TO DO:
The lines below, from the one containing "Ab ins Bettchen, dein" through the one containing "This paper investigates", should be set down exactly, with no pictures and nothing else.

DATA PROVIDED:
=== Section Start ===
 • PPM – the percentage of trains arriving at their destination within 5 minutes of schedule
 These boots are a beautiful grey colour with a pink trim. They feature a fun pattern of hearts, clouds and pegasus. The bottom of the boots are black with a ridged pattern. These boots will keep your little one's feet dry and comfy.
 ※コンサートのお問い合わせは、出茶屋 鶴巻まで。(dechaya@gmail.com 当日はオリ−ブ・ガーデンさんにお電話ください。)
=== Section End ===
=== Section Start ===
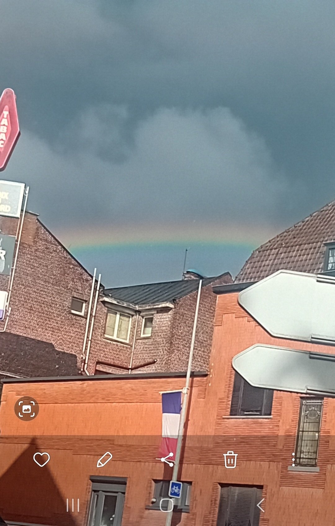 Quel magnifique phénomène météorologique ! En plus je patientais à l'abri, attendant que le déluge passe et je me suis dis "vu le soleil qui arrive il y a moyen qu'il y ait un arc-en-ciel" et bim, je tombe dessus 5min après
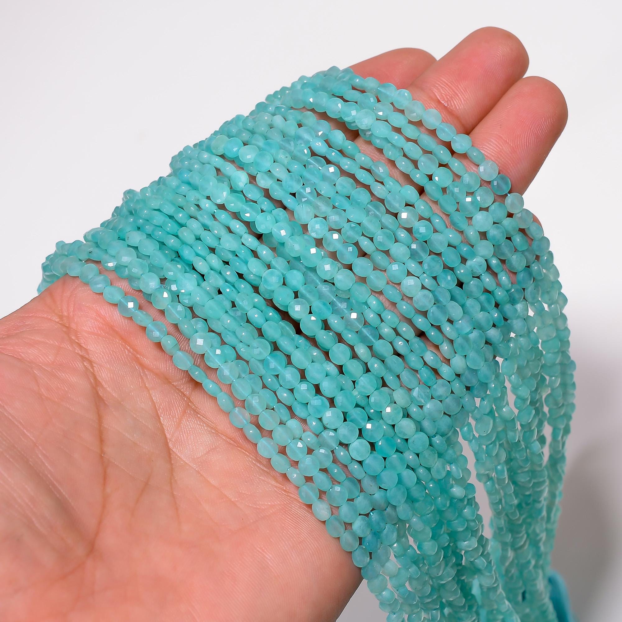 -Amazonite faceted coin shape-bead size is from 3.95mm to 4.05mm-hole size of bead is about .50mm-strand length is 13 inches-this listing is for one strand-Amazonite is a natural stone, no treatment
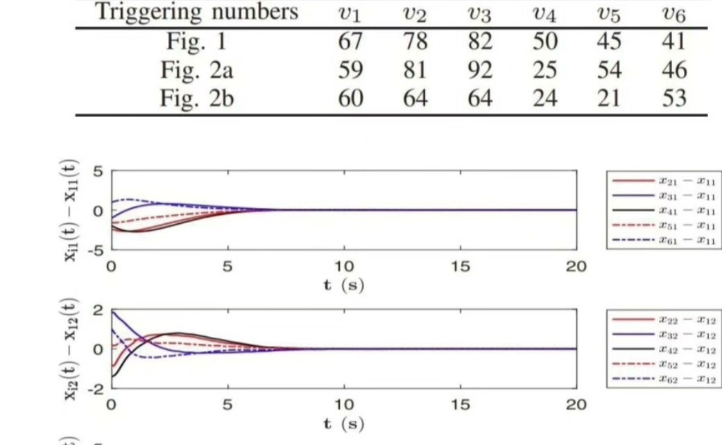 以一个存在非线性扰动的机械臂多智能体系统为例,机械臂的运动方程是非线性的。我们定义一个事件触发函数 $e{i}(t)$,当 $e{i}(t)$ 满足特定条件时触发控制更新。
=== Section End ===
=== Section Start ===
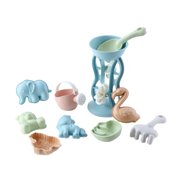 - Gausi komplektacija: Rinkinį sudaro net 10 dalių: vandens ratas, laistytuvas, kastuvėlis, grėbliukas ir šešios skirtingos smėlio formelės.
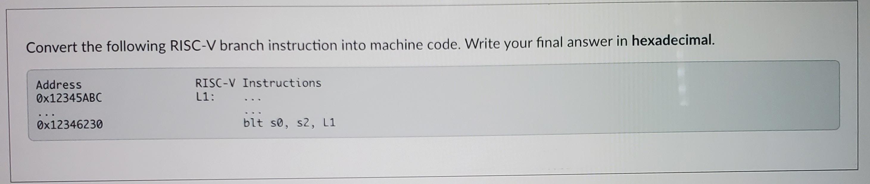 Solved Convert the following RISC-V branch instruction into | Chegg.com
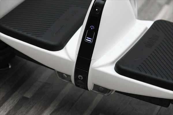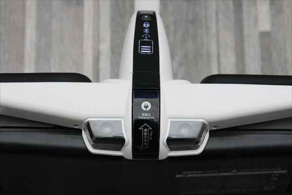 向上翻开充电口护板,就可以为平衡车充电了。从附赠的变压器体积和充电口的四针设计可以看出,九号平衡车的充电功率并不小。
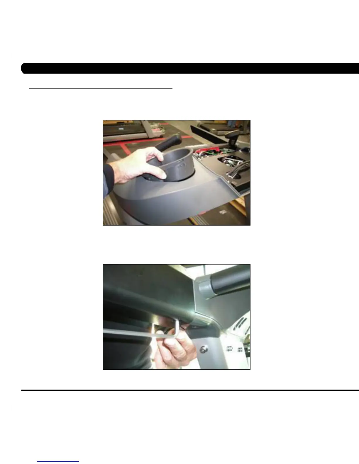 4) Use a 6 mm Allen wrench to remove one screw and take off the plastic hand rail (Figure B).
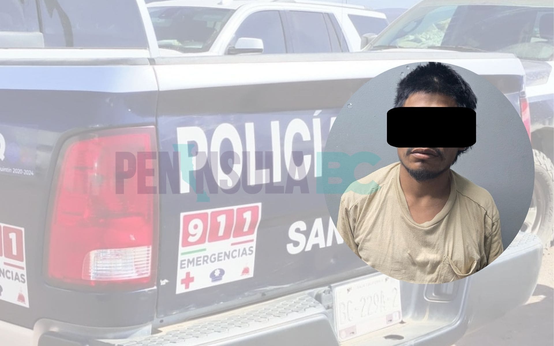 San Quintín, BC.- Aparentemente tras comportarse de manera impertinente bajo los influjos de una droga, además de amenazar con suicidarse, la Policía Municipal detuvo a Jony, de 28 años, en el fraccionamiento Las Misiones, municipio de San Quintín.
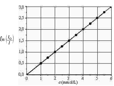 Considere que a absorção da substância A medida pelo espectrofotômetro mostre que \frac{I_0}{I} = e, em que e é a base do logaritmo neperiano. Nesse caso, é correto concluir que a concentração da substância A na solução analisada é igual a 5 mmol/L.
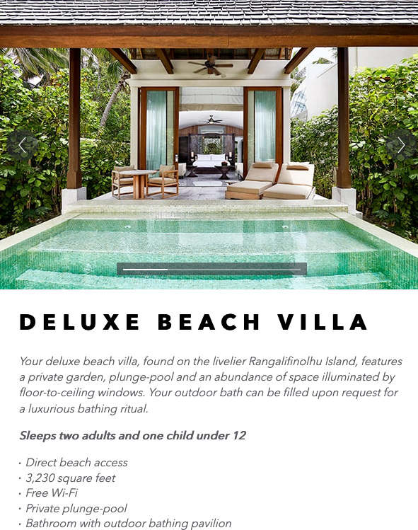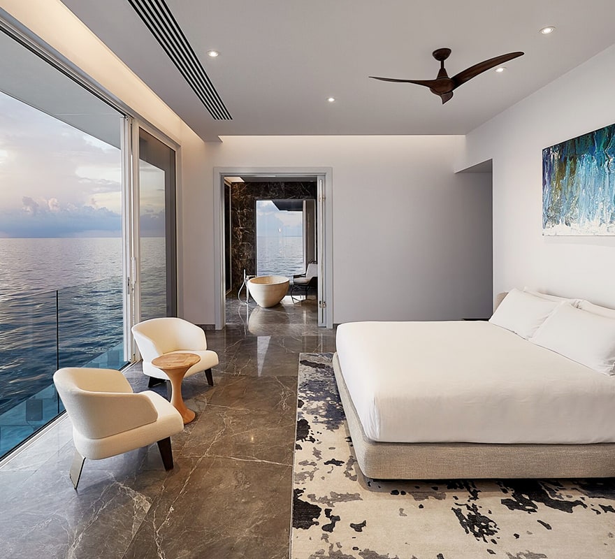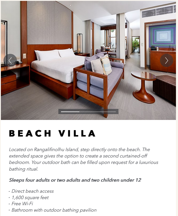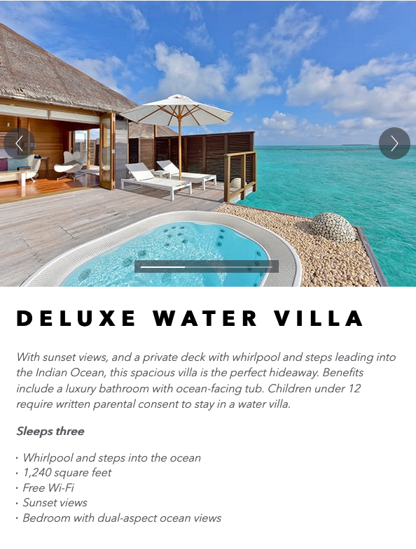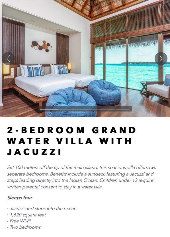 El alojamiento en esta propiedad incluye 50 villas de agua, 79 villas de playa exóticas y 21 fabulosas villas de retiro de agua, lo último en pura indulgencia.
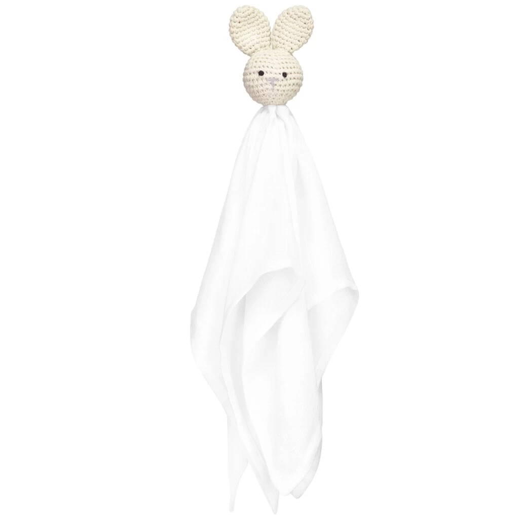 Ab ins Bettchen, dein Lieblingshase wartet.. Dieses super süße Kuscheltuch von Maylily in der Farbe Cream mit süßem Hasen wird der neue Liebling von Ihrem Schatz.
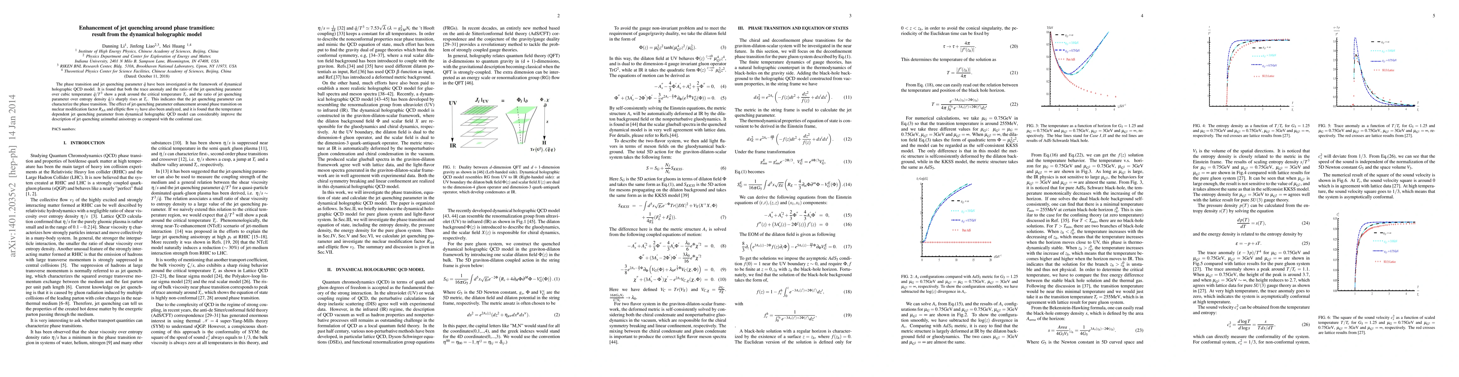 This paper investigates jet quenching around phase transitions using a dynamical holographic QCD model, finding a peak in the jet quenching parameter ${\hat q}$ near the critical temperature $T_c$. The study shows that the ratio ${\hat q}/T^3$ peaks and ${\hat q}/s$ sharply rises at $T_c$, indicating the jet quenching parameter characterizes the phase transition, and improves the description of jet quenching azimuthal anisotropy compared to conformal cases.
=== Section End ===
TASK RESULT:
 Ab ins Bettchen, dein Lieblingshase wartet.. Dieses super süße Kuscheltuch von Maylily in der Farbe Cream mit süßem Hasen wird der neue Liebling von Ihrem Schatz.
 This paper investigates jet quenching around phase transitions using a dynamical holographic QCD model, finding a peak in the jet quenching parameter ${\hat q}$ near the critical temperature $T_c$. The study shows that the ratio ${\hat q}/T^3$ peaks and ${\hat q}/s$ sharply rises at $T_c$, indicating the jet quenching parameter characterizes the phase transition, and improves the description of jet quenching azimuthal anisotropy compared to conformal cases.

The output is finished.